Consider this your official blurb, Preston. His concept, called the stress-adaptive model of humor, was published on his website in 2008 -- and it does bear many similarities to McGraw's work. According to Preston's wide-ranging and colorfully illustrated entry, "humor is the interior primate response to a stimulus first seen as a potential threat, then determined to be non-threatening, while laughter is a method of communicating the humor response in order to spread its effects to peers."

McGraw, on the other hand, describes humor as something that occurs when someone perceives a situation as a violation and simultaneously realizes that the situation is also benign. He also believes laughter is used to communicate that the violation is benign.

So should McGraw abdicate is "Nutty Professor" title to Preston? As McGraw points out in an e-mail, the question raises tricky issues about peer-reviewed and non-peer-reviewed theories and research. "The Internet age has made this kind of thing a little problematic from an academic standpoint, and I am still trying to figure out how to deal with it in my own writing," he writes.

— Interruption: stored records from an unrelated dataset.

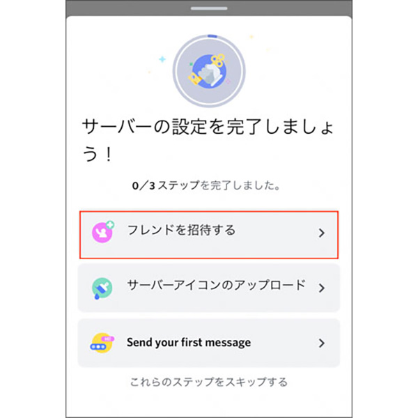 サーバーで交流する友達を招待するには、そのサーバーの「〇〇(サーバー名)へようこそ」の画面で、「サーバーを設定」→「フレンドを招待する」をタップ。招待用のリンクが表示されるので、これを友達に知らせましょう。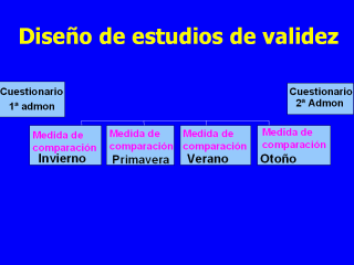 comparación, el diseño del estudio de validación deberá ser considerado. - En este ejemplo de estudio de validación, el cuestionario fue administrado al inicio del año. Cuatro mediciones comparativas fueron administradas durante cada estación. Después de un año adicional, el cuestionario fue administrado para una segunda vez. |
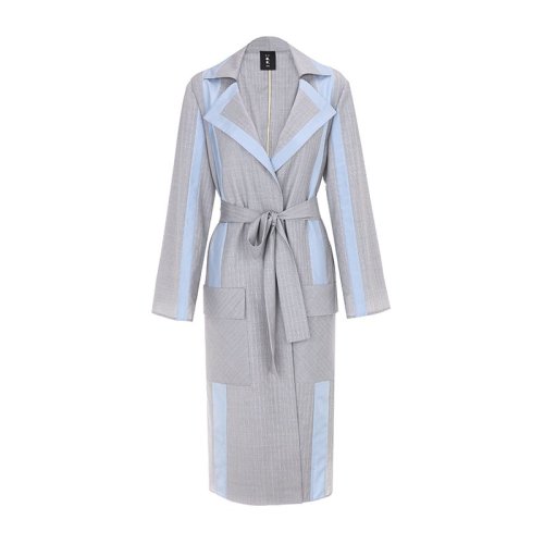 bifu by xingchen/彼伏 灰色格纹羊毛拼蓝条纹廓型女士风衣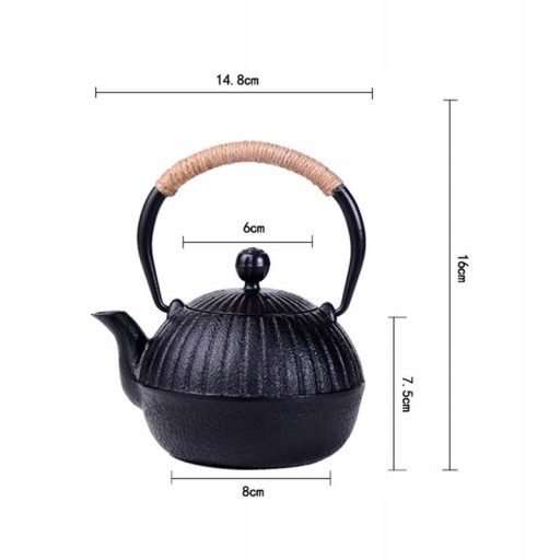 Cechy: Żelazny uchwyt jest starannie obrabiany, jest odporny na zarysowania i nie jest łatwy do złamania. Żelazna pokrywa czajniczka jest mała i elegancka, prosta i nieskomplikowany.jest piękny, ale ma również pewien efekt izolacji cieplnej, aby zapobiec zranieniu rąk.prosty haczykowaty wylewka,miękki wylot wody,herbata nie jest łatwa do przelania.Dzięki filtrowi jest wygodna do wykonania herbata. Jest wygodny i prosty.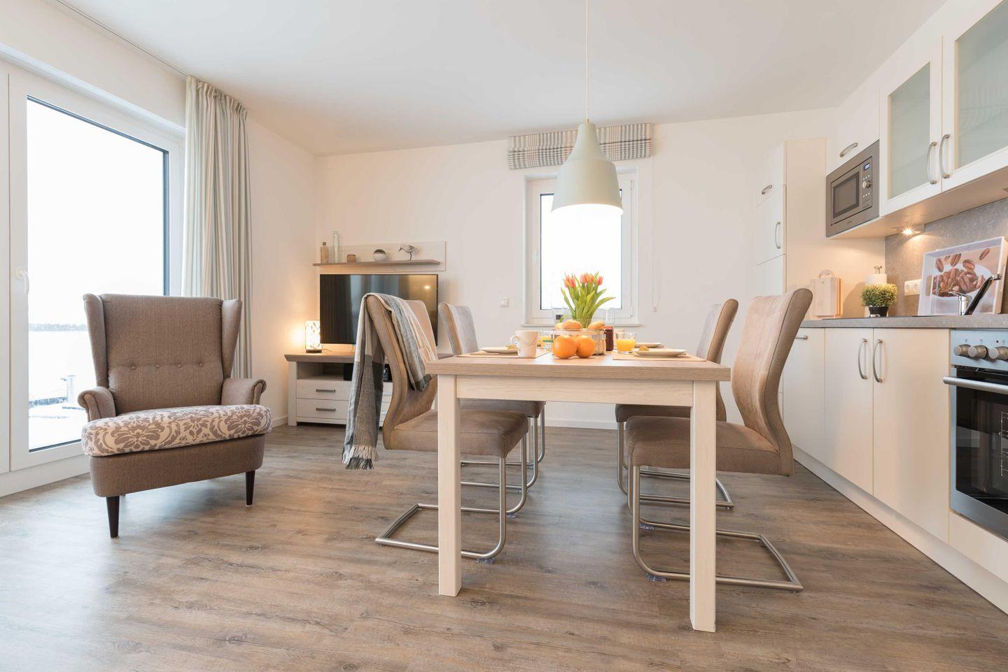 Couch mit passendem Sessel sowie ein großer Esstisch zum Verweilen ein. Die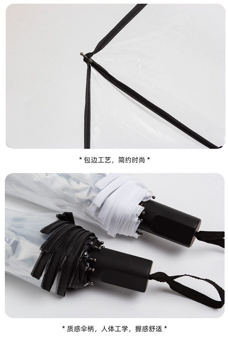 투명 우산, 완전 자동, 인스 스타일, 두꺼운 방풍, 인터넷 인기 사진 촬영용 접이식 우산, 광고 로고 인쇄 가능 우산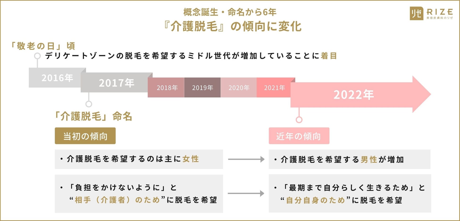 『介護脱毛』の誕生からまもなく7年目を迎えようとしている今、中高年世代が「介護脱毛をする理由」に「他人のため」から「自分のため」へと変化しつつあるとリゼクリニックでは感じています。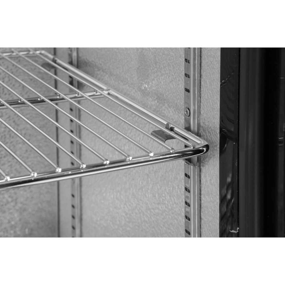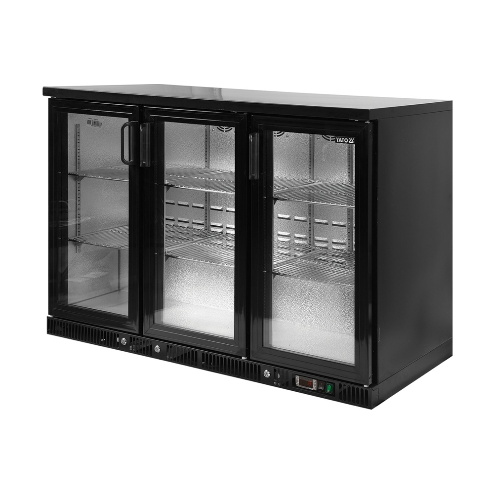 Dulap frigorific/vitrină pentru sticle YATO, cu 2 uși culisante din sticlă călită, capacitate 227 L, dimensiuni 920x515x905 mm și greutate 102 kg. Funcționează la 230 V / 200 W, cu interval de temperatură +2...+8 °C. Echipat cu 4 rafturi cromate (835x350 mm), iluminare LED 8 W și control electronic Dixell cu afișaj digital.

Preston actually reached out to McGraw in the past, reports the CU professor, and it wasn't the first time someone has come to him with examples of web-based humor theories that are similar to his work. But while McGraw acknowledges his research may cover some of the same territory as these other theories, he says most peer-reviewed journals will only allow citations to peer-reviewed ideas, and not to blog entries or other web publications.

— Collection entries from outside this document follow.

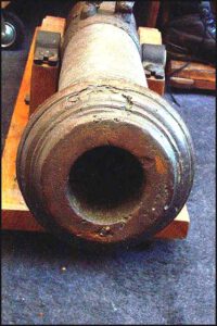 Length of barrel: 115cm (ca. 45″), weight incl. carriage ca. 85kg (187lbs.). Calibre 1/2 lb. The carriage was made of elm wood by Willy Schroeter.
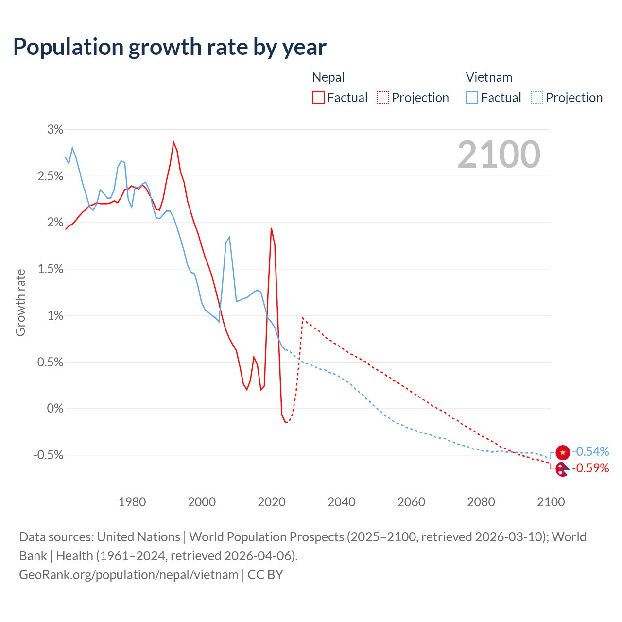 Data sources: World Bank | Health (1960–2024, retrieved 2026-04-06); United Nations | World Population Prospects (1960–2026, retrieved 2026-03-10); U.S. Census Bureau (1960–2025, retrieved 2026-02-08); Central Intelligence Agency (CIA) (2000–2019, retrieved 2026-02-20).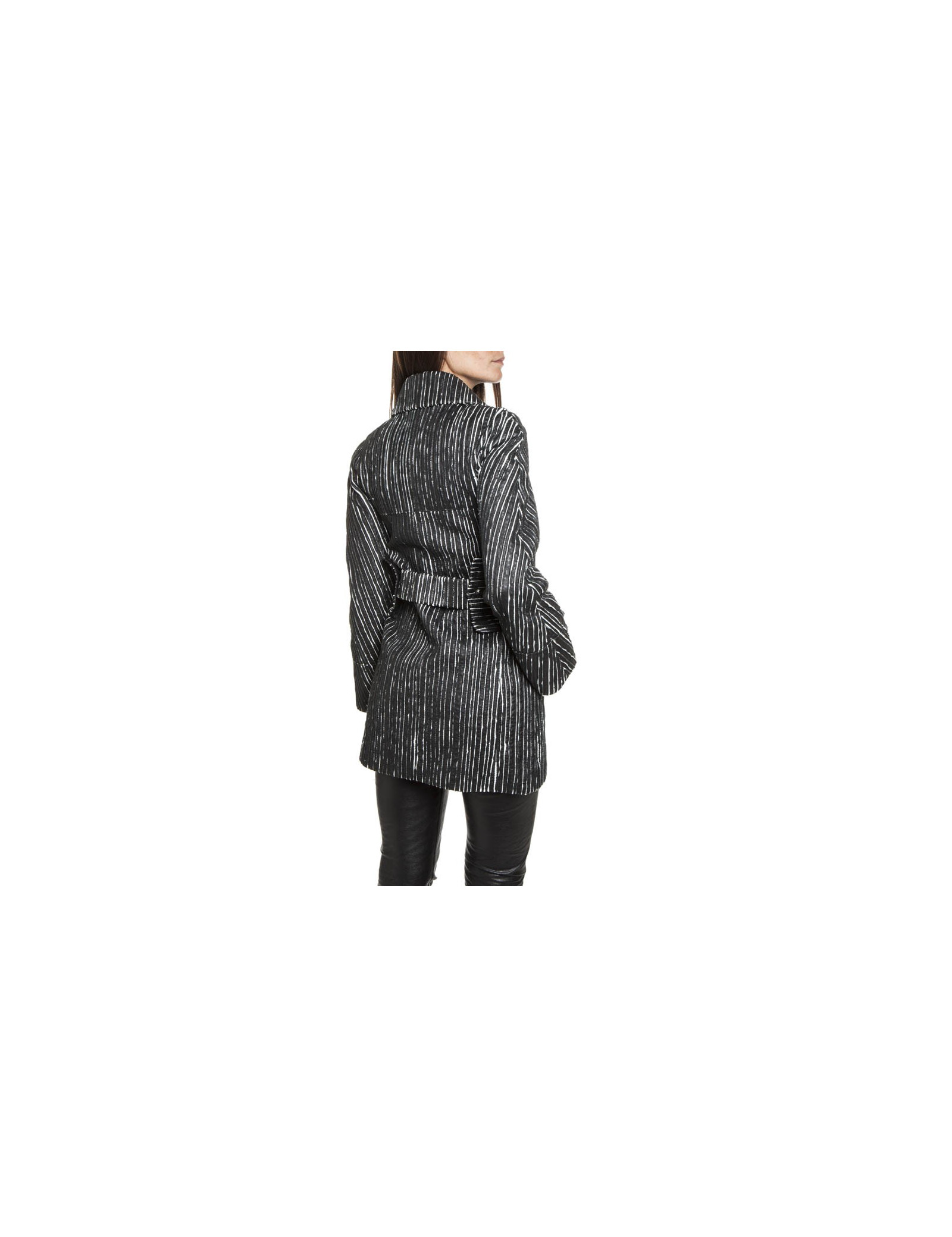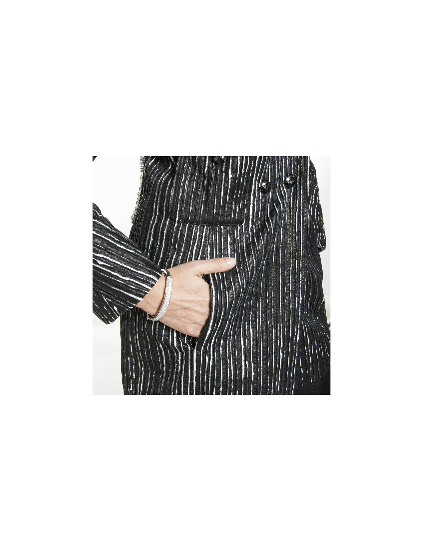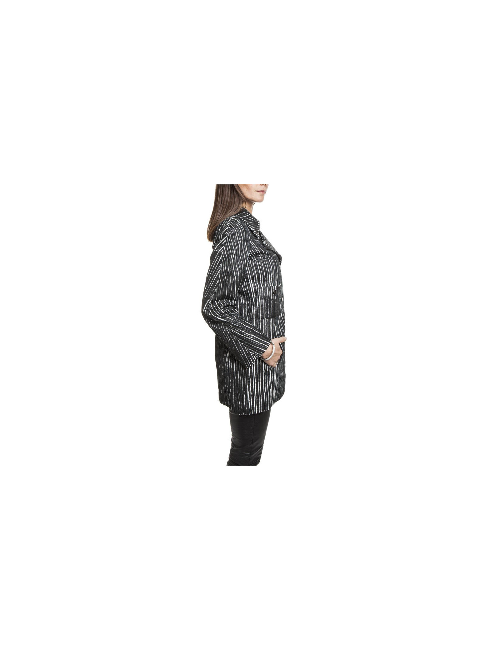 Caban CHANEL cuir rayé noir et blanc

For this reason, McGraw heavily references and acknowledges similar work completed by Stanford student Thomas Veatch in 1998, since it was published in a peer-reviewed academic journal. That's how academic scholarship works: Each peer-reviewed study or theory builds on its predecessors, and sooner or later some other academic will come up with a more refined humor theory that's indebted to and acknowledges McGraw's work.

Still, that leaves out the wide, woolly world of non-academic insight -- and lots of the best ideas come from non-credentialed nobodies. Plus, if academics want to use humor theory productively -- i.e., coming up with hilarious jokes -- they're going to have to climb down from their ivory towers and get their comedic hands dirty.